Re: start unlocking kbind(2)
Scott Cheloha wrote: > > Am I wrong that kbind is never called twice in the same address space? > > Isn't this exactly what happened the last time we tried this? Tried what? kbind has never been NOLOCK. > > Can someone describe a synthetic sequence where racing sys_kbind calls > > perform the wrong action? > > This is highly synthetic, but: > > If Thread1 Stop right there. Is this in a static binary or a dynamic binary? In a dynamic binary, ld.so has used kbind(), and kbind() cannot be used again. In a static binary, early_static_init() calls kbind() and locks you out.
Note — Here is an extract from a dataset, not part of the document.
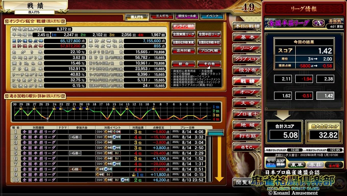 スランプグラフ見ると好・不調の波があからさま。 不調時の北家スタート時は本当に勝てない。 自分の親が回ってきた時にはもう10000点割るか否かという展開ばっかり。

When were these threads created? > sets ps_kbind_addr before Thread2 but Thread2 compares > ps_kbind_cookie with SCARG(uap, proc_cookie) before Thread1 can change > ps_kbind_addr from 0 to its own SCARG(uap, proc_cookie) it is possible > that Thread2 will pass the security check and proceed, even though it > should have caused a SIGILL. You cannot call kbind() synthetically, from the manual page: kbind is currently intended for use by ld.so(1) only. That is why there is no libc stub for it. That's why dlg's demo program replaces the libc one with a raw assembly version, so that it can call it. > Thread2 knows ps_kbind_cookie is initialy zero, so there is a > theoretical race. Again, how did you end up with threads, and how did you call kbind without using assembly language, and what program would ever do this? > If you wanted to make this statistically impossible you could > initialize ps_kbind_cookie to a random value during fork(2) so that > Thread2 has a 1 in 2^64 chance of guessing the the initial > ps_kbind_cookie value and bypassing the security check as > described above. Where did these threads come from before ld.so completed linkage resolution??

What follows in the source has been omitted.